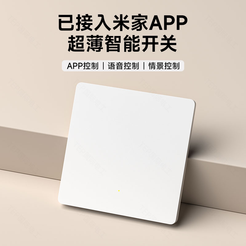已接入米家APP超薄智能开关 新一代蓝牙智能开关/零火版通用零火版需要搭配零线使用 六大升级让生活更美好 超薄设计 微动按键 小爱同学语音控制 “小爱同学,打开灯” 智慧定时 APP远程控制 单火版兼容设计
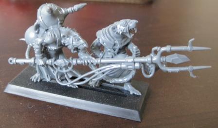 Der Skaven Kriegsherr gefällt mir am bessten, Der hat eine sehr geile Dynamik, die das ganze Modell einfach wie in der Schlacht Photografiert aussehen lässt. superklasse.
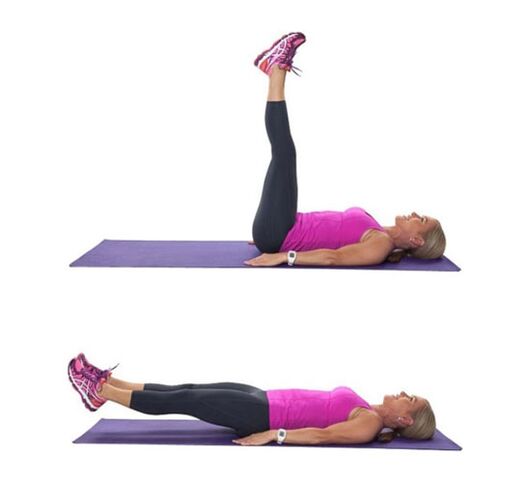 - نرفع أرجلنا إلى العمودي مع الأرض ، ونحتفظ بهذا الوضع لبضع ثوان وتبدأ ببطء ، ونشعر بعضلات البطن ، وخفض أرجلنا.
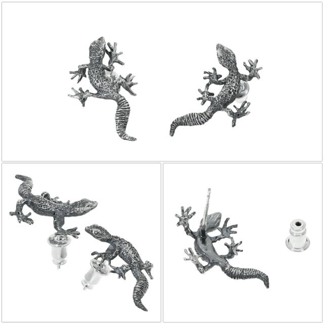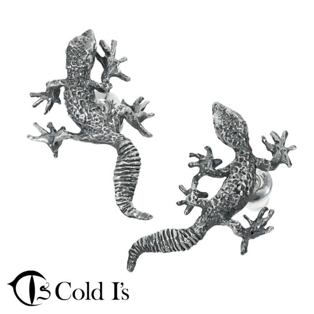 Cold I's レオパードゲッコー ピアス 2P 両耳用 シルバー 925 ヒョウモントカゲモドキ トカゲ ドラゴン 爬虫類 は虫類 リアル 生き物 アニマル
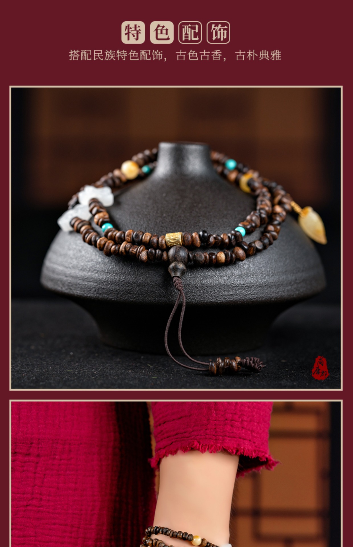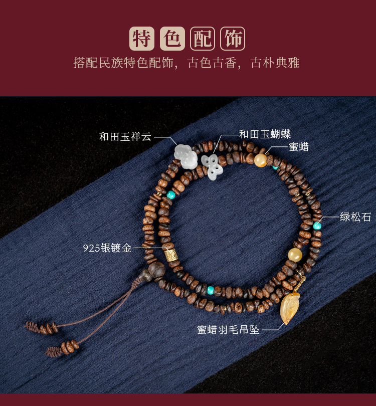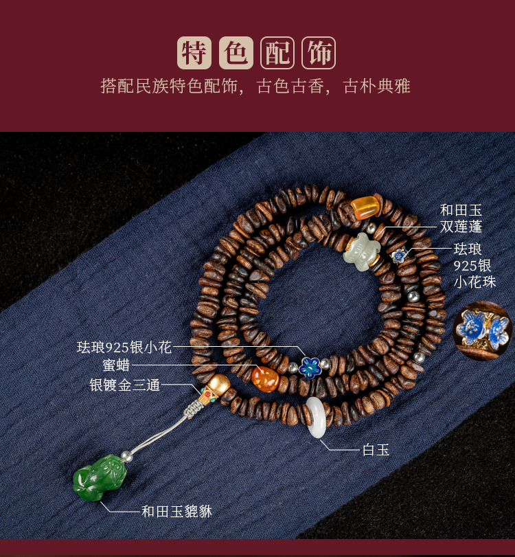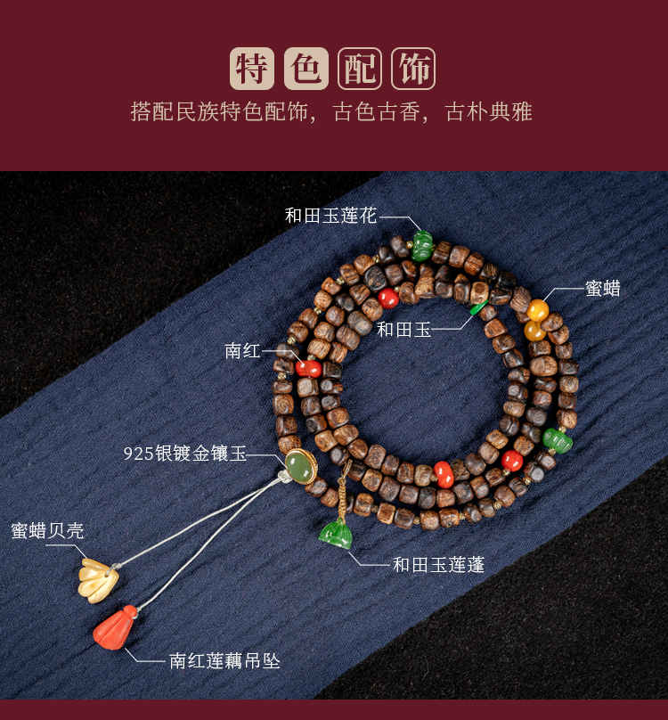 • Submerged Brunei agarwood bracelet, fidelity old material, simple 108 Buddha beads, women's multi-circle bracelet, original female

...

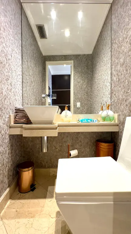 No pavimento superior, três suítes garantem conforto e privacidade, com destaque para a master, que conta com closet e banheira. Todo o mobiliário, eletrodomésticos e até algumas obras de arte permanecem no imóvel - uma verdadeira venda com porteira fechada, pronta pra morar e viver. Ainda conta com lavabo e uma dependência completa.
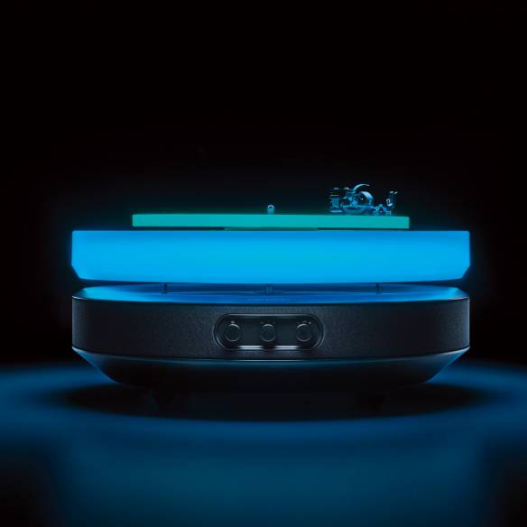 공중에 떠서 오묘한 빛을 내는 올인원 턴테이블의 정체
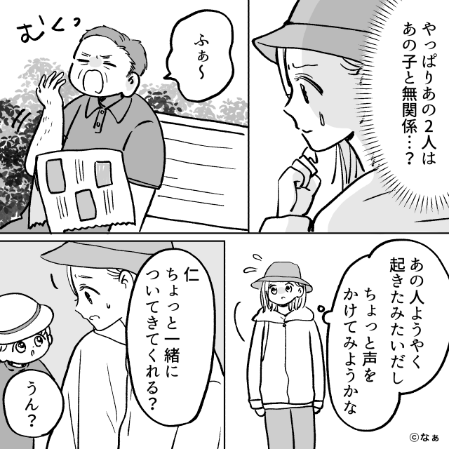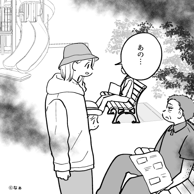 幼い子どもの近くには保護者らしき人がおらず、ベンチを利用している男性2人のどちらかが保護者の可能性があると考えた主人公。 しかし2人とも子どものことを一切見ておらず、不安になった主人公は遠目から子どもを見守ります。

==

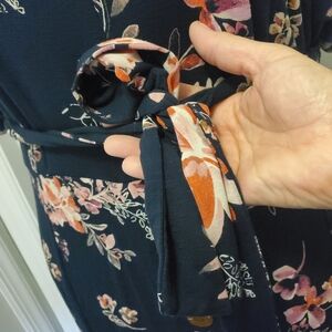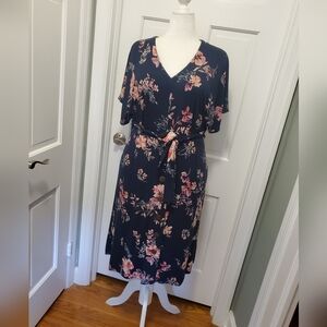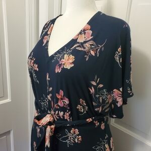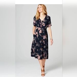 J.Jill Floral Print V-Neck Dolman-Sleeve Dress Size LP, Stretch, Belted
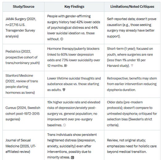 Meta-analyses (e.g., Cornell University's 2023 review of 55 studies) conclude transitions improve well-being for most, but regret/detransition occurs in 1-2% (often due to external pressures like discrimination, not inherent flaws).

• [EXERCISE BRIEF]
For this exercise, please set down exactly the lines of the listing above from the line with "已接入米家APP超薄智能开关 新一代蓝牙智能开关/零火版通用零火版需要搭配零线使用 六大升级让生活更美好" up to and including the line with "bracelet, original female", and no pictures.

• [SOLVED EXERCISE]
已接入米家APP超薄智能开关 新一代蓝牙智能开关/零火版通用零火版需要搭配零线使用 六大升级让生活更美好 超薄设计 微动按键 小爱同学语音控制 “小爱同学,打开灯” 智慧定时 APP远程控制 单火版兼容设计
 Der Skaven Kriegsherr gefällt mir am bessten, Der hat eine sehr geile Dynamik, die das ganze Modell einfach wie in der Schlacht Photografiert aussehen lässt. superklasse.
 - نرفع أرجلنا إلى العمودي مع الأرض ، ونحتفظ بهذا الوضع لبضع ثوان وتبدأ ببطء ، ونشعر بعضلات البطن ، وخفض أرجلنا.
 Cold I's レオパードゲッコー ピアス 2P 両耳用 シルバー 925 ヒョウモントカゲモドキ トカゲ ドラゴン 爬虫類 は虫類 リアル 生き物 アニマル
 • Submerged Brunei agarwood bracelet, fidelity old material, simple 108 Buddha beads, women's multi-circle bracelet, original female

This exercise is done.